## Listed records
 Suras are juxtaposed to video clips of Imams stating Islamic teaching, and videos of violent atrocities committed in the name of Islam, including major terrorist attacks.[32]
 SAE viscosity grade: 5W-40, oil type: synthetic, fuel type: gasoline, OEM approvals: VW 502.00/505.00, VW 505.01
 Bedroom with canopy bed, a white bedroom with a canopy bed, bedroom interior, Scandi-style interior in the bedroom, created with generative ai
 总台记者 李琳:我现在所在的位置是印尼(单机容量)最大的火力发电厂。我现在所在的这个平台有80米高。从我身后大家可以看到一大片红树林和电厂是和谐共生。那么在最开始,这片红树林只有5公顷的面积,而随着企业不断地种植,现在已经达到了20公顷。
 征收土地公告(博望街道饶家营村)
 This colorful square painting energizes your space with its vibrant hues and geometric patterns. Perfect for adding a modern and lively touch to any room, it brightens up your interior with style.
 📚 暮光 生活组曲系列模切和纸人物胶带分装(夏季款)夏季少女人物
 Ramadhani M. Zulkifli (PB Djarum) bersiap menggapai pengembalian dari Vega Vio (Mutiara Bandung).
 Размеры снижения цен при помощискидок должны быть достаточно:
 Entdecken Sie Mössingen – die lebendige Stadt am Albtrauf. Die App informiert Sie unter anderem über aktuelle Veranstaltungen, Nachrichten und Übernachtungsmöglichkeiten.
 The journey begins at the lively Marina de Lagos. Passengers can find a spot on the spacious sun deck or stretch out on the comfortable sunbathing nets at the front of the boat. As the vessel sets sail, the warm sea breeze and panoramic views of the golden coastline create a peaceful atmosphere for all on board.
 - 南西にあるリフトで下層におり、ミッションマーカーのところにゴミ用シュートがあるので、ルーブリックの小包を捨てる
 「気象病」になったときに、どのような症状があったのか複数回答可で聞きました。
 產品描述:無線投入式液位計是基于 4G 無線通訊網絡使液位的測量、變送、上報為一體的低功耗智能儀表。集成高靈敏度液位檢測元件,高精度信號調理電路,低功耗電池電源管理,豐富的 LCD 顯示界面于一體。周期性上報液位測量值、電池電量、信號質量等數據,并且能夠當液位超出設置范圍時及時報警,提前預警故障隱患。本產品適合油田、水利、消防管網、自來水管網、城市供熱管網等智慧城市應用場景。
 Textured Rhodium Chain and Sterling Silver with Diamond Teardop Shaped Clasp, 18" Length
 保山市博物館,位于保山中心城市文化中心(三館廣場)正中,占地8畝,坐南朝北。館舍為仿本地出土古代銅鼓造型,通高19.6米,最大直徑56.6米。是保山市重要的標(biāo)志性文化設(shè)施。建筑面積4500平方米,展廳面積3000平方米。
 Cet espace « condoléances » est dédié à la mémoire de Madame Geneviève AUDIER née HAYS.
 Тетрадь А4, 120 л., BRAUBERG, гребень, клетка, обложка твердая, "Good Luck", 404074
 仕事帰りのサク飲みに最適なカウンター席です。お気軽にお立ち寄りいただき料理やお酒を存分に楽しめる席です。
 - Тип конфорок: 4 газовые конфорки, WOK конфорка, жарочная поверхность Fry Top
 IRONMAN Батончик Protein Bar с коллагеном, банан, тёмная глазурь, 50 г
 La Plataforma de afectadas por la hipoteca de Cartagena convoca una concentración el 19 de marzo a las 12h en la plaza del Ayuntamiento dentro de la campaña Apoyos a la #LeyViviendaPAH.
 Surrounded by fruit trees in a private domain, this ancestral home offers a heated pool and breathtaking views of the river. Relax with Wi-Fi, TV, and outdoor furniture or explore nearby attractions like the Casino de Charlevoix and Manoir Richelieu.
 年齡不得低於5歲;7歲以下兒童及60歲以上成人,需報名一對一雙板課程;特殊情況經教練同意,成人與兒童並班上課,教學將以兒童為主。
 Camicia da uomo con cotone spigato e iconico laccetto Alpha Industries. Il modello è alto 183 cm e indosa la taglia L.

## What is required
Print the line that contains "Surrounded by fruit" and each line after it up to the end of the listing, exactly as written.

## Exercise answer
 Surrounded by fruit trees in a private domain, this ancestral home offers a heated pool and breathtaking views of the river. Relax with Wi-Fi, TV, and outdoor furniture or explore nearby attractions like the Casino de Charlevoix and Manoir Richelieu.
 年齡不得低於5歲;7歲以下兒童及60歲以上成人,需報名一對一雙板課程;特殊情況經教練同意,成人與兒童並班上課,教學將以兒童為主。
 Camicia da uomo con cotone spigato e iconico laccetto Alpha Industries. Il modello è alto 183 cm e indosa la taglia L.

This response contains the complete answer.